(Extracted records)
+ + +

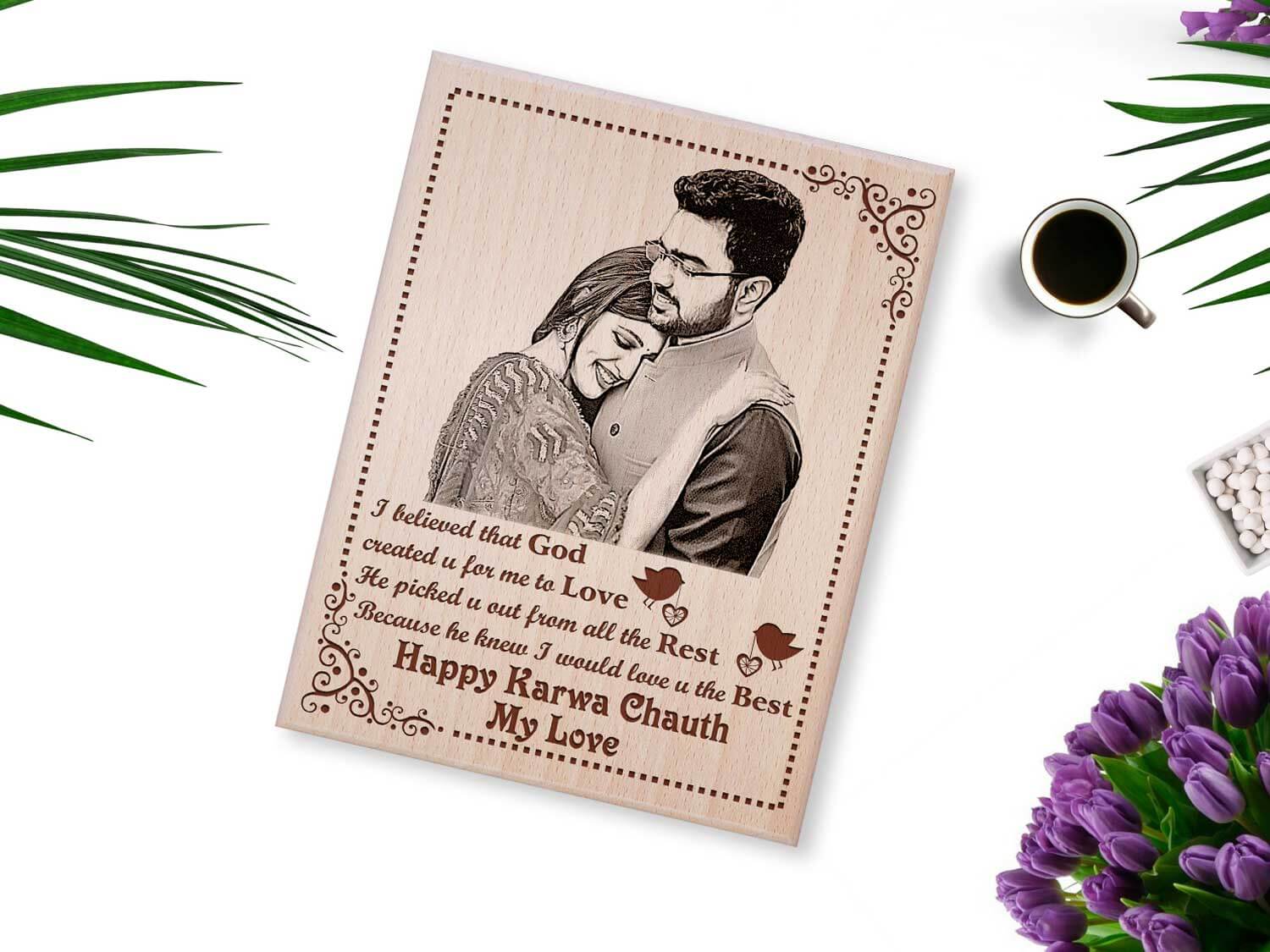 Custom Engraved Photo Frame Karwachauth Gift For Beautiful Wife
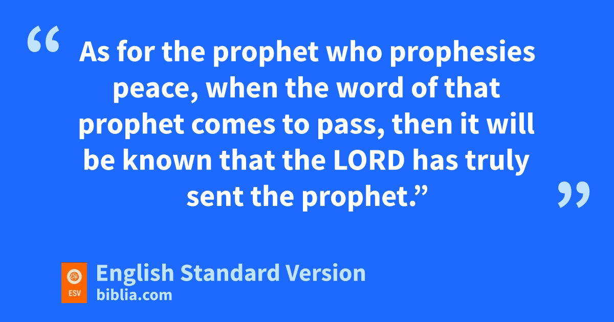 5 Then the prophet Jeremiah spoke to Hananiah the prophet in the presence of the priests and all the people who were standing in the house of the Lord, 6 and the prophet Jeremiah said, u“Amen! May the Lord do so; may the Lord make the words that you have prophesied come true, and bring back to this place from Babylon the vessels of the house of the Lord, and all the exiles. 7 Yet hear now this word that I speak in your hearing and in the hearing of all the people. 8 vThe prophets who preceded you and me from ancient times prophesied war, famine, and pestilence against many countries and great kingdoms. 9 wAs for the prophet who prophesies peace, when the word of that prophet comes to pass, then it will be known that the Lord has truly sent the prophet.”
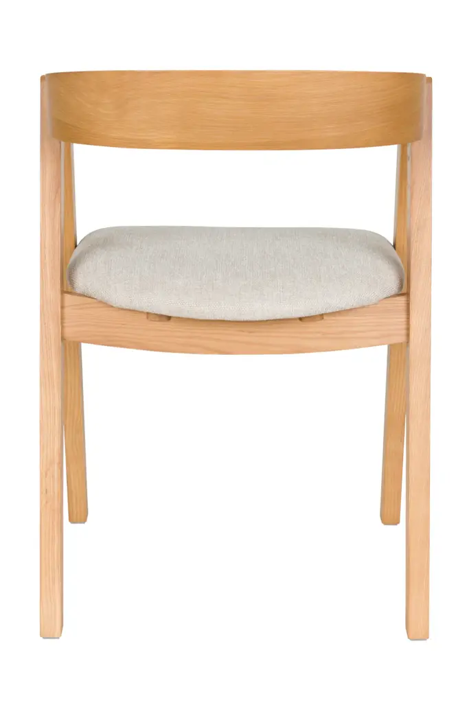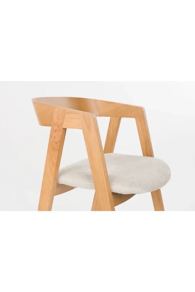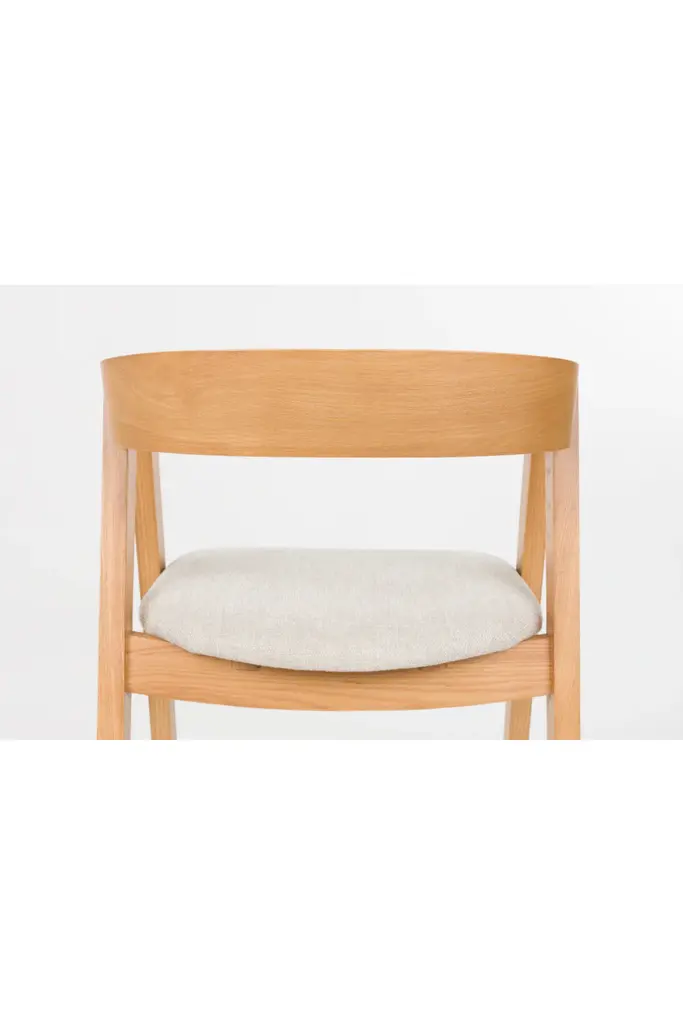 This stylish piece effortlessly adds a cozy touch to the dining room. The solid ash wood legs seamlessly transition into the perfectly curved backrest, which, combined with the upholstered seat, ensures exceptional comfort. As the finishing touch, the contrast between the light fabric and the deep walnut color creates a striking effect.
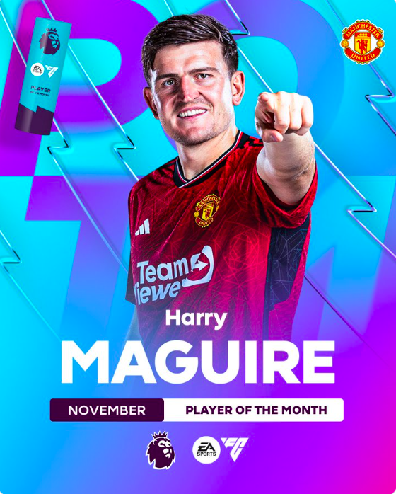 잉글랜드 프리미어리그(EPL) 사무국은 10일 공식 홈페이지에서 "2023/24시즌 캐스트롤 EPL 이달의 선수상과 감독상의 11월 수상자로 맨체스터 유나이티드의 수비수와 감독인 해리 매과이어와 에릭 텐 하흐가 선정되었다.
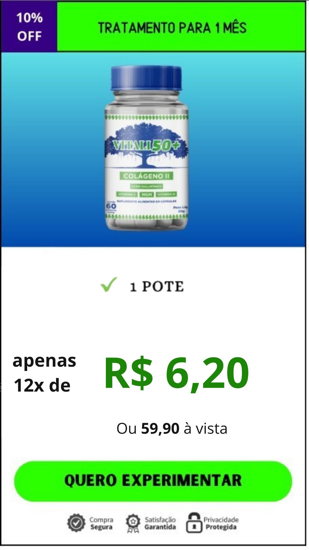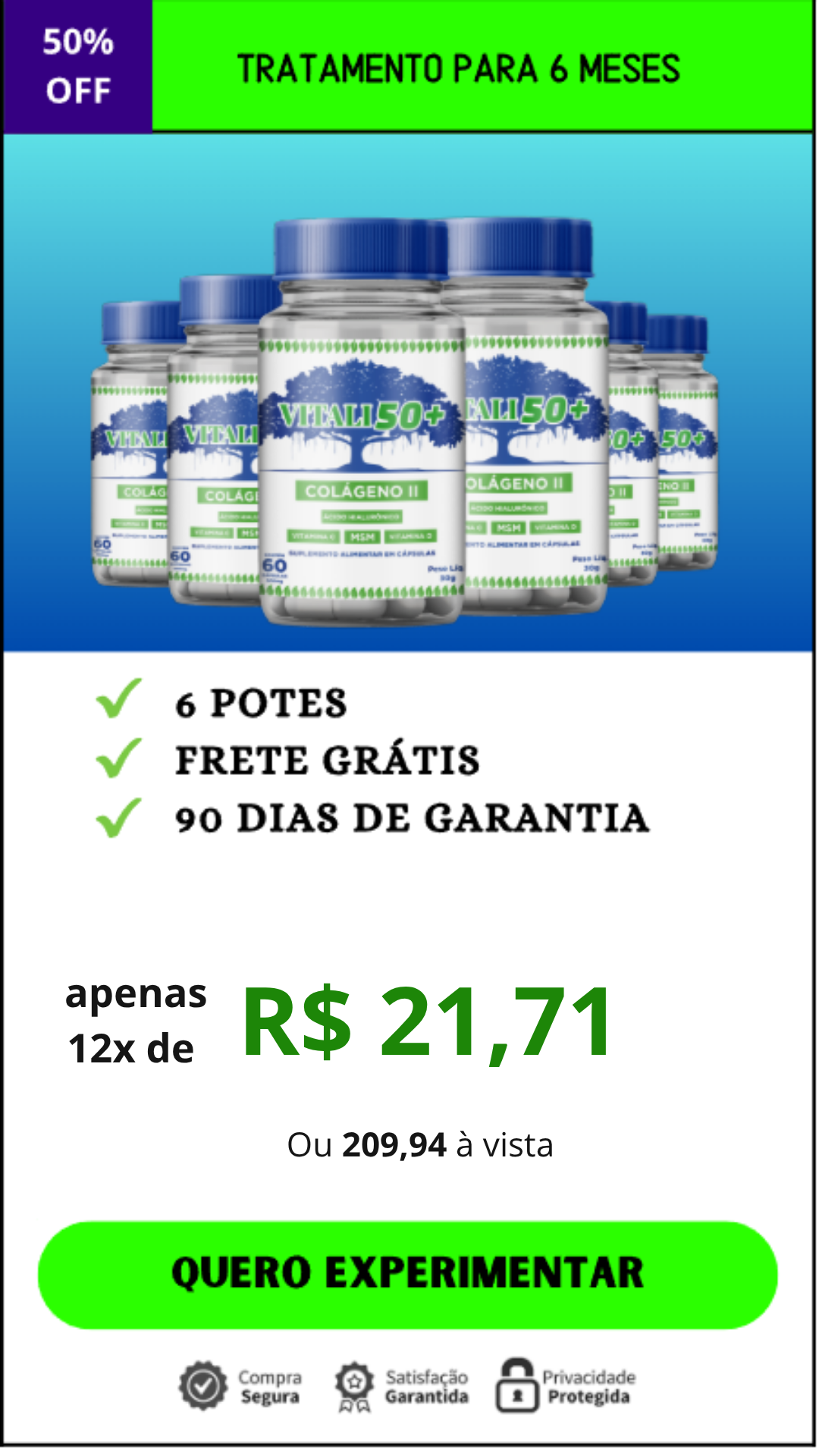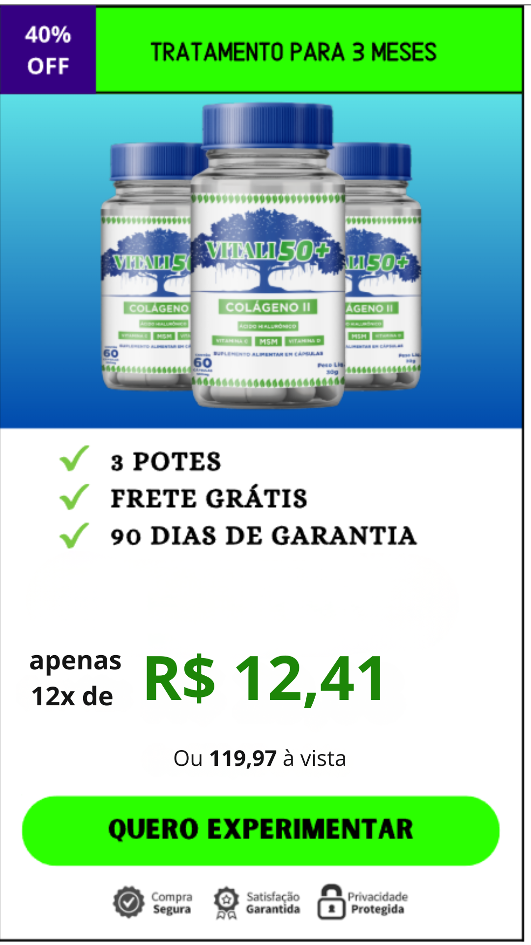 O segredo por trás do Vitali 50+ está em sua fórmula inovadora, que combina ingredientes naturais premium e tecnologia de ponta. Com nossa poderosa fórmula 50+, o Vitali 50+ revitaliza as articulações, estimula a regeneração do tecido cartilaginoso, reforça a flexibilidade e proporciona uma nutrição profunda para uma melhor saúde articular.

+ + +

What you should do
Every record above should reappear exactly, with the pictures gone.

Response area
 Custom Engraved Photo Frame Karwachauth Gift For Beautiful Wife
 5 Then the prophet Jeremiah spoke to Hananiah the prophet in the presence of the priests and all the people who were standing in the house of the Lord, 6 and the prophet Jeremiah said, u“Amen! May the Lord do so; may the Lord make the words that you have prophesied come true, and bring back to this place from Babylon the vessels of the house of the Lord, and all the exiles. 7 Yet hear now this word that I speak in your hearing and in the hearing of all the people. 8 vThe prophets who preceded you and me from ancient times prophesied war, famine, and pestilence against many countries and great kingdoms. 9 wAs for the prophet who prophesies peace, when the word of that prophet comes to pass, then it will be known that the Lord has truly sent the prophet.”
 This stylish piece effortlessly adds a cozy touch to the dining room. The solid ash wood legs seamlessly transition into the perfectly curved backrest, which, combined with the upholstered seat, ensures exceptional comfort. As the finishing touch, the contrast between the light fabric and the deep walnut color creates a striking effect.
 잉글랜드 프리미어리그(EPL) 사무국은 10일 공식 홈페이지에서 "2023/24시즌 캐스트롤 EPL 이달의 선수상과 감독상의 11월 수상자로 맨체스터 유나이티드의 수비수와 감독인 해리 매과이어와 에릭 텐 하흐가 선정되었다.
 O segredo por trás do Vitali 50+ está em sua fórmula inovadora, que combina ingredientes naturais premium e tecnologia de ponta. Com nossa poderosa fórmula 50+, o Vitali 50+ revitaliza as articulações, estimula a regeneração do tecido cartilaginoso, reforça a flexibilidade e proporciona uma nutrição profunda para uma melhor saúde articular.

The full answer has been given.